## BRIEF
Could the data below be retyped exactly, without its pictures?

## DATA PROVIDED

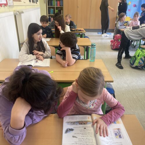 Die Schülerinnen und Schüler der 4A hatten die wunderbare Gelegenheit, ihren jüngeren Mitschüler/innen aus der Klasse 1A vorzulesen. Die älteren Schülerinnen und Schüler halfen den jüngeren bei schwierigen Wörtern.
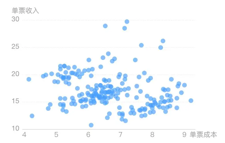 通过此图,可以看出哪些大区单票利润较低,急需提升,比如广泛聚集于右下角的第四大区,单票收入低于平均线,单票成本却高于平均线。
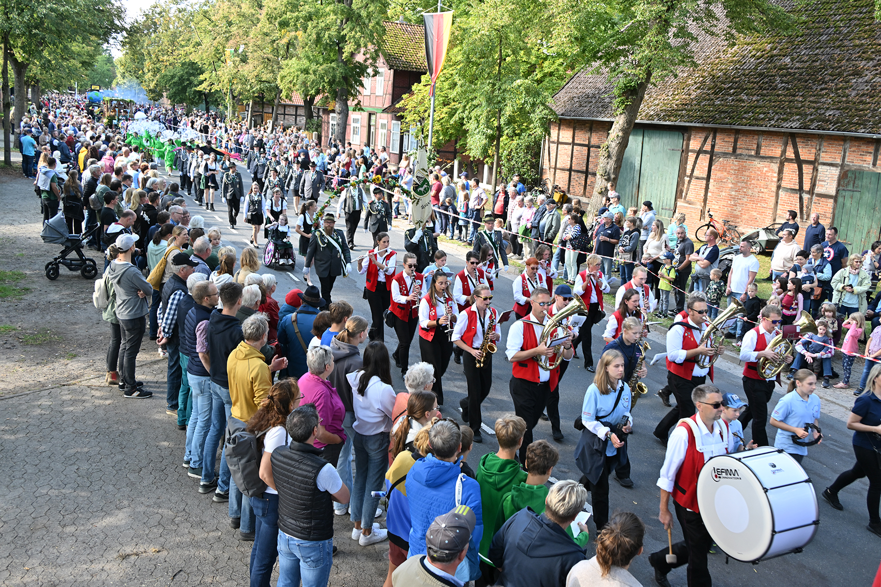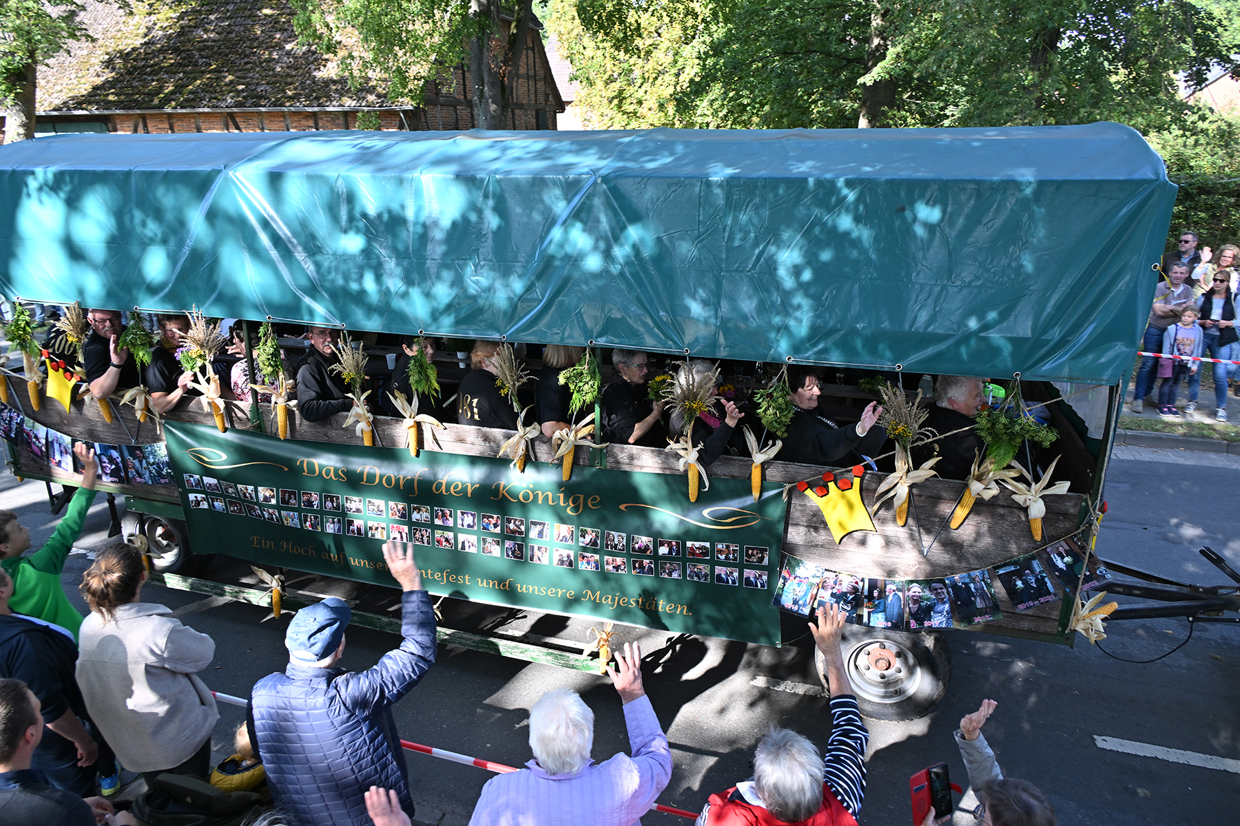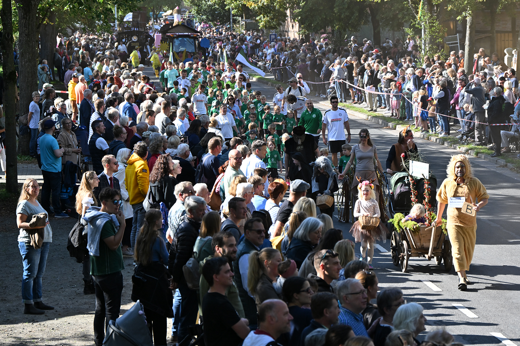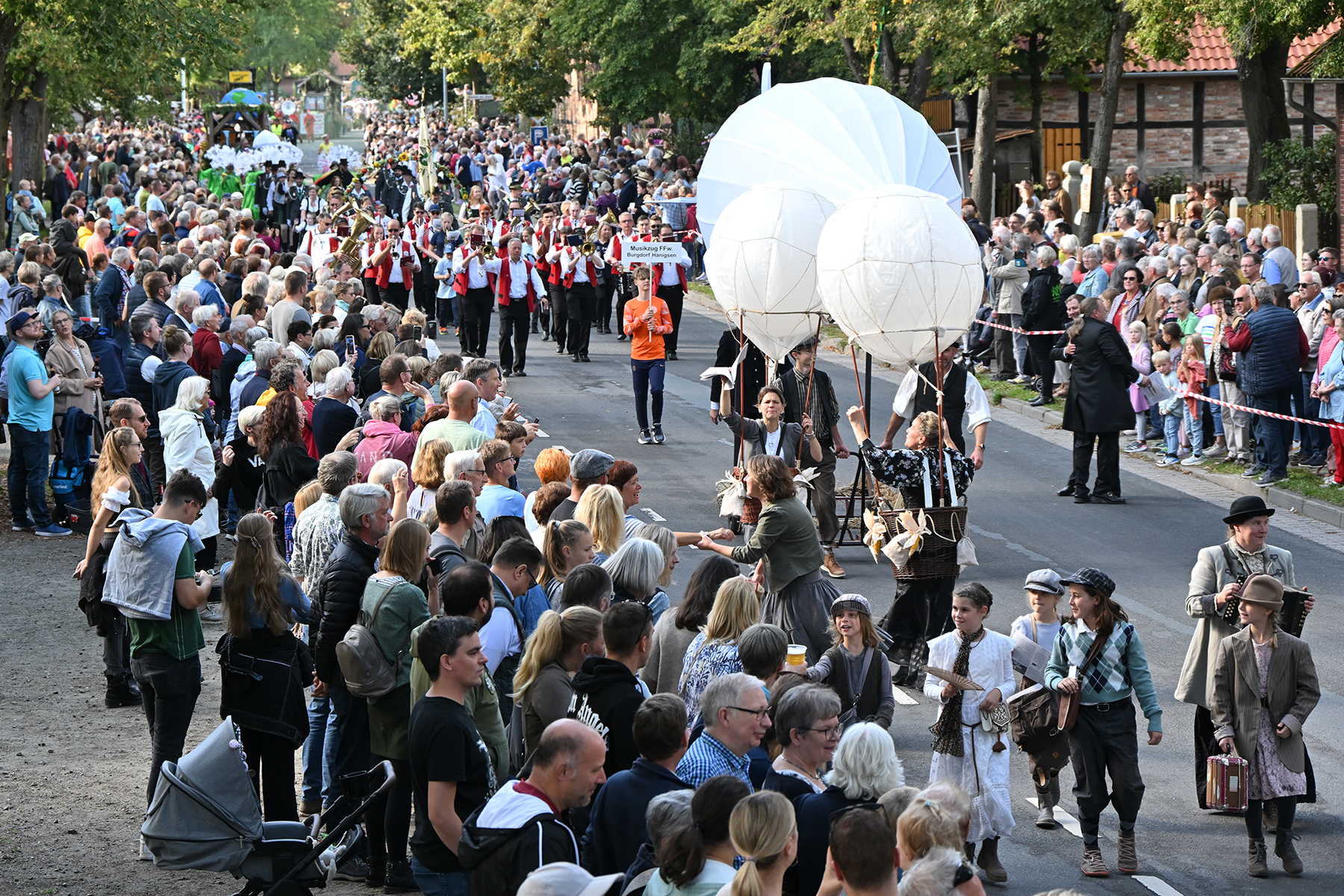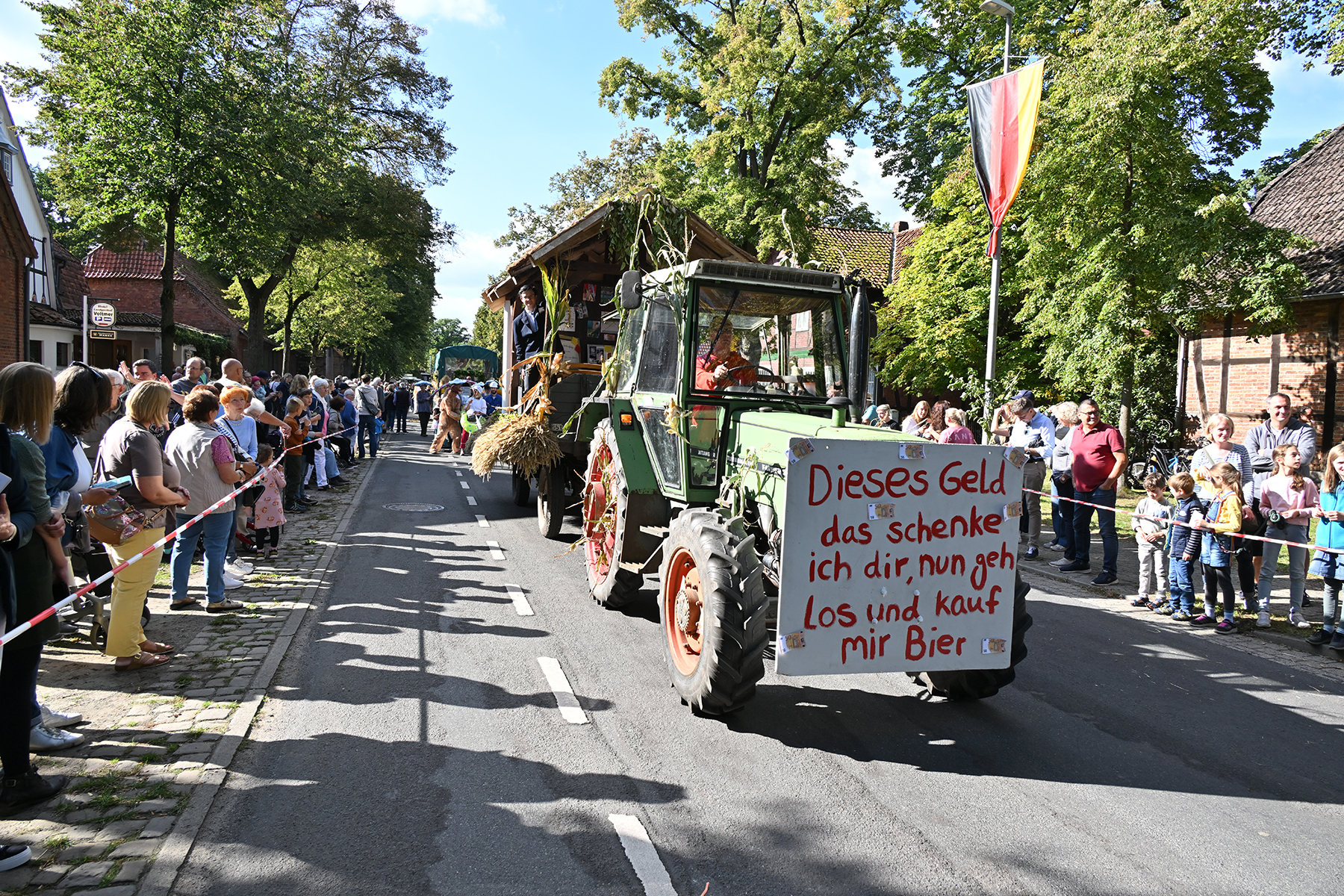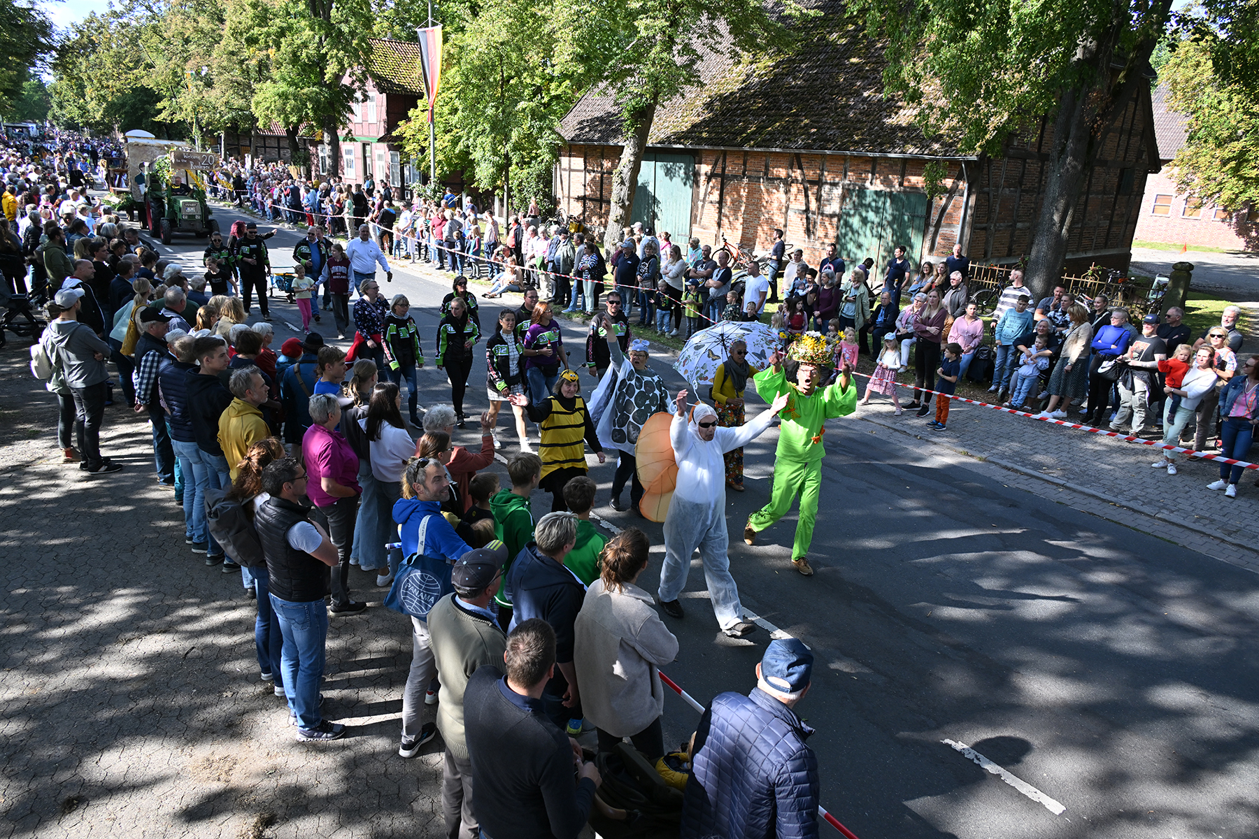 Königswetter beim großen Festumzug im Dorf der Könige: Am heutigen Sonntag, 24. September 2023, war der Burgdorfer Ortsteil Ramlingen der Mittelpunkt der Region. 27 Erntewagen und Fußgruppen machten sich zum Erntefest auf den Weg durch den Ort. Mit geschätzten 4000 Besuchern waren die Grüne Allee und der Festplatz von so vielen Besuchern gesäumt wie noch nie.

## TASK ANSWER
 Die Schülerinnen und Schüler der 4A hatten die wunderbare Gelegenheit, ihren jüngeren Mitschüler/innen aus der Klasse 1A vorzulesen. Die älteren Schülerinnen und Schüler halfen den jüngeren bei schwierigen Wörtern.
 通过此图,可以看出哪些大区单票利润较低,急需提升,比如广泛聚集于右下角的第四大区,单票收入低于平均线,单票成本却高于平均线。
 Königswetter beim großen Festumzug im Dorf der Könige: Am heutigen Sonntag, 24. September 2023, war der Burgdorfer Ortsteil Ramlingen der Mittelpunkt der Region. 27 Erntewagen und Fußgruppen machten sich zum Erntefest auf den Weg durch den Ort. Mit geschätzten 4000 Besuchern waren die Grüne Allee und der Festplatz von so vielen Besuchern gesäumt wie noch nie.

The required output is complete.